Lucas’s hands slipped away from the keyboard. “Who gets to decide where this line is that you’re always talking about?”
“I do,” Bowen said. “And I draw it close so I don’t have to reach very far to slap the shit out of a bully.” He stood to leave, shrugged on a dark gray suit jacket, and winked at Willson. “And when, not if, I do, I might get days off, but I doubt they’d fire me. Hell, maybe they’d give me the Director’s Award. Apparently, being a half bubble off from the war earns me a fair bit of leeway.”
 
 
Sammy Willson frowned. “You’re an idiot, Mitch.”
“He thinks he’s God’s gift to the Marshals Service,” Lucas said.

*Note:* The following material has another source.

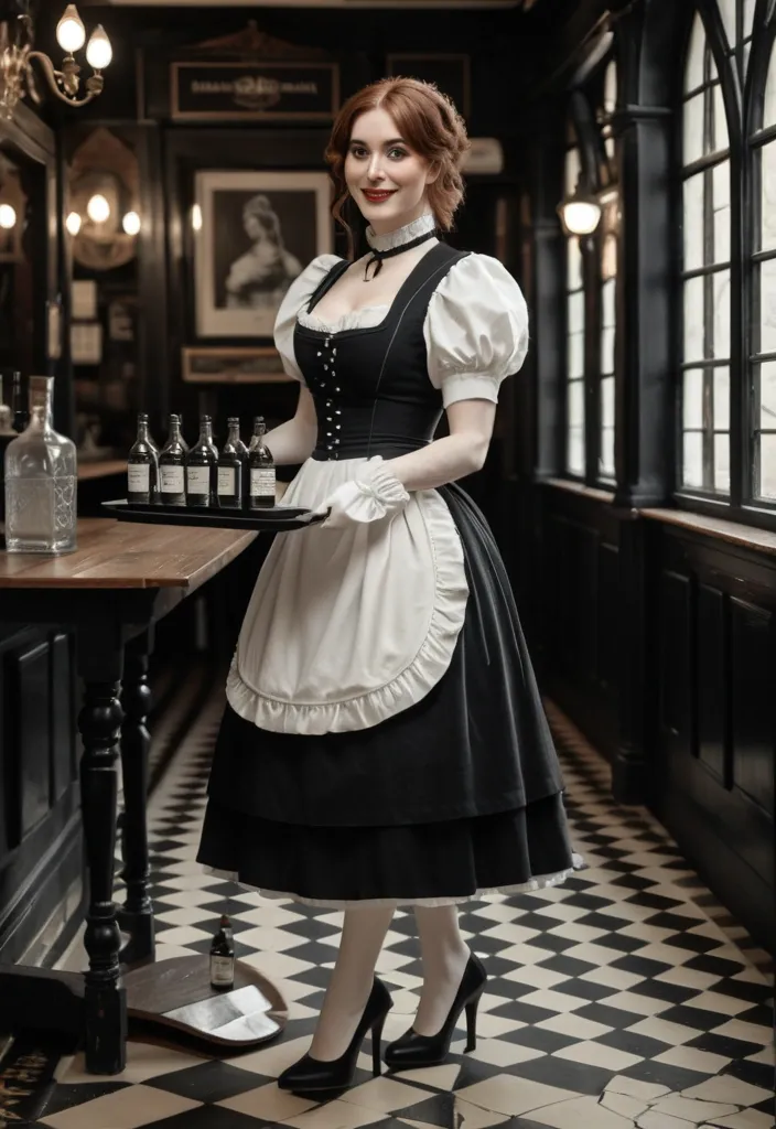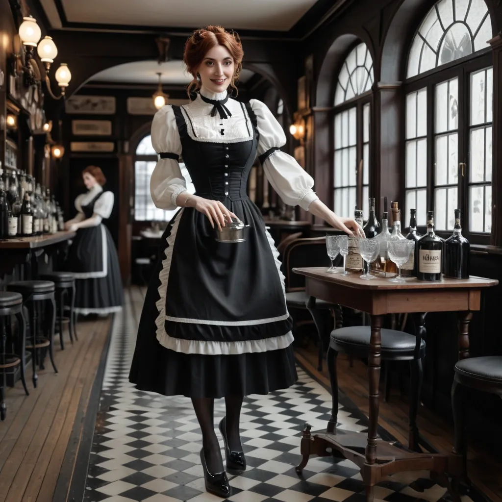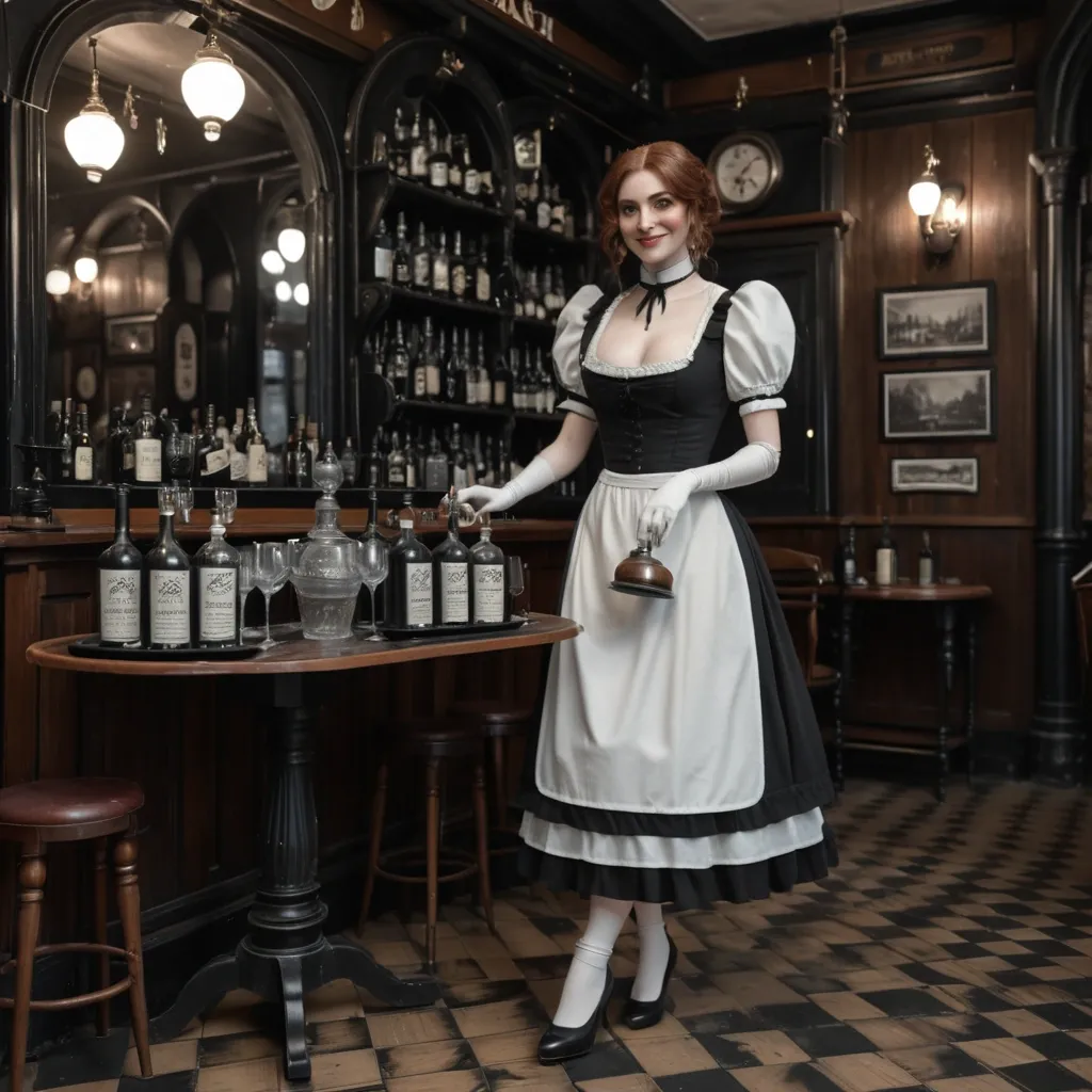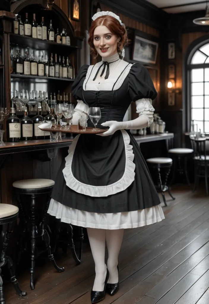 Masterpiece , photorealistic full-length , natural face , beautiful face , depiction of a young woman in her twenties with a short wavy auburn hair , pale ivory skin dressed in victorian black and white maid mini outfit , matching shoes , walking in , very smoky victorian tavern. She's handing a tray with bottles and glasses on , she have a shy smile. cinematic style ,

“My daddy had a dog like you when I was little.” Willson sighed. “He was a pretty good dog, too, chasing away panthers and keeping snakes out of the yard. Trouble was, he kept trying to bite everybody that came to visit.”
“What happened?” Lucas smirked, but still half interested.
“He bit the wrong guy one day and got himself shot.” She nodded at Bowen as he disappeared through the front door of the office. “I’m tellin’ you, Mitchell. That’s the wrong guy.”